Task details – Some of the lines below need repeating. Reproduce exactly those between the lines holding "设计感小众荡领系带长袖t恤女早秋季洋气百搭打底衫别致绝美上衣" and "सरकारको तर्फबाट राष्ट्र", inclusive.

Records –
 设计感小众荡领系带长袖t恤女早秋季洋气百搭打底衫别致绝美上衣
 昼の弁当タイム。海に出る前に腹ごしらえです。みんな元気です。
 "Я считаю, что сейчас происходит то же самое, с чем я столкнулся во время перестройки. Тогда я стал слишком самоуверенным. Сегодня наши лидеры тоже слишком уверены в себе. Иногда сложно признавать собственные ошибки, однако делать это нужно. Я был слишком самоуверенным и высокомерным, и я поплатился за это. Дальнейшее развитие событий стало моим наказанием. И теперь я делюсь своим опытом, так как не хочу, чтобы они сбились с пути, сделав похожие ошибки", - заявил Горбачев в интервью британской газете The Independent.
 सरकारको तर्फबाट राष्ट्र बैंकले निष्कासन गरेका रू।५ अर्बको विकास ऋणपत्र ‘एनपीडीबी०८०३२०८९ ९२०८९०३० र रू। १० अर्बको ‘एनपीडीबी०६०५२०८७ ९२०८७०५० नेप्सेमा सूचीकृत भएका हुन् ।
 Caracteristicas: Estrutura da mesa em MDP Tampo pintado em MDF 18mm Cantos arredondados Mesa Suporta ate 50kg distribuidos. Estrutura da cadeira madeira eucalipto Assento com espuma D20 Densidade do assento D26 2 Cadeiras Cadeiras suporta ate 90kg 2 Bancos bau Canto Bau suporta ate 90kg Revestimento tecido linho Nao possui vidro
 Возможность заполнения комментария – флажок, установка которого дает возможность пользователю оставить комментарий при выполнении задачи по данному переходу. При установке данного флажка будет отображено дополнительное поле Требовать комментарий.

--

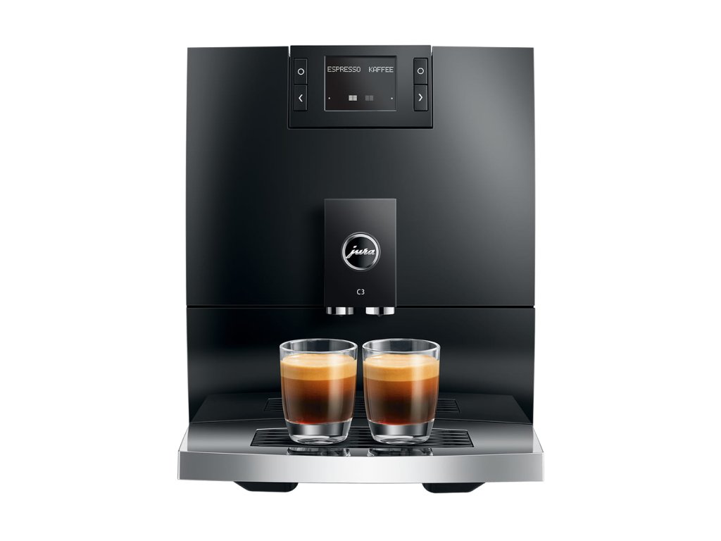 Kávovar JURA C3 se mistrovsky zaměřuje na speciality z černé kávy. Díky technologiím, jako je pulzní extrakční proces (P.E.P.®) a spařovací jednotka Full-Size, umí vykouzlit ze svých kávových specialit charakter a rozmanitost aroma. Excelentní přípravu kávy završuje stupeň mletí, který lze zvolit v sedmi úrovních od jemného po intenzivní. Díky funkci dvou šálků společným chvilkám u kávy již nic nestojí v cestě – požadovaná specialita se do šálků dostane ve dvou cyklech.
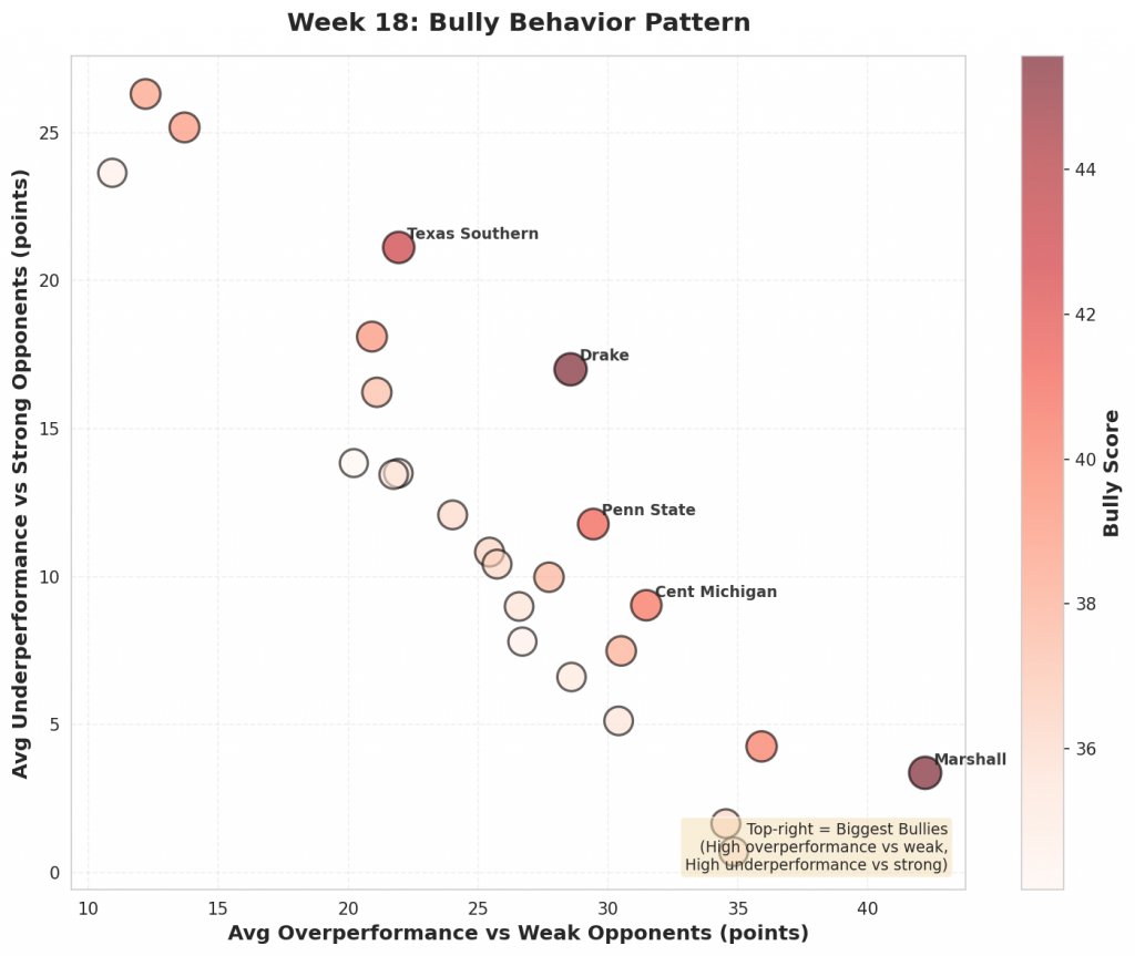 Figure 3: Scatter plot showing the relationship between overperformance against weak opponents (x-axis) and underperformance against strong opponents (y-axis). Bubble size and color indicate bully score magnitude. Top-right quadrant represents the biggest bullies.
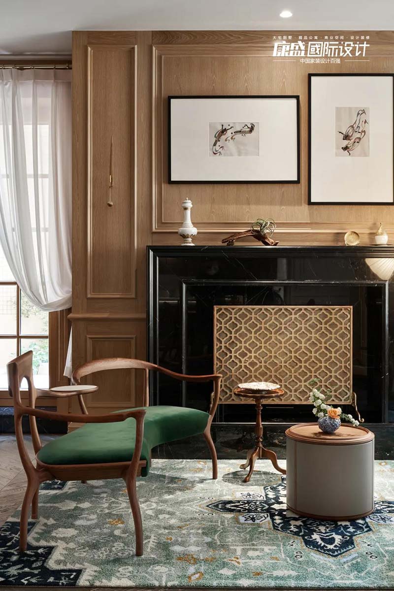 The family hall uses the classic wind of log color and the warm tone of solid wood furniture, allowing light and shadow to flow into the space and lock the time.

Response to this task –
 设计感小众荡领系带长袖t恤女早秋季洋气百搭打底衫别致绝美上衣
 昼の弁当タイム。海に出る前に腹ごしらえです。みんな元気です。
 "Я считаю, что сейчас происходит то же самое, с чем я столкнулся во время перестройки. Тогда я стал слишком самоуверенным. Сегодня наши лидеры тоже слишком уверены в себе. Иногда сложно признавать собственные ошибки, однако делать это нужно. Я был слишком самоуверенным и высокомерным, и я поплатился за это. Дальнейшее развитие событий стало моим наказанием. И теперь я делюсь своим опытом, так как не хочу, чтобы они сбились с пути, сделав похожие ошибки", - заявил Горбачев в интервью британской газете The Independent.
 सरकारको तर्फबाट राष्ट्र बैंकले निष्कासन गरेका रू।५ अर्बको विकास ऋणपत्र ‘एनपीडीबी०८०३२०८९ ९२०८९०३० र रू। १० अर्बको ‘एनपीडीबी०६०५२०८७ ९२०८७०५० नेप्सेमा सूचीकृत भएका हुन् ।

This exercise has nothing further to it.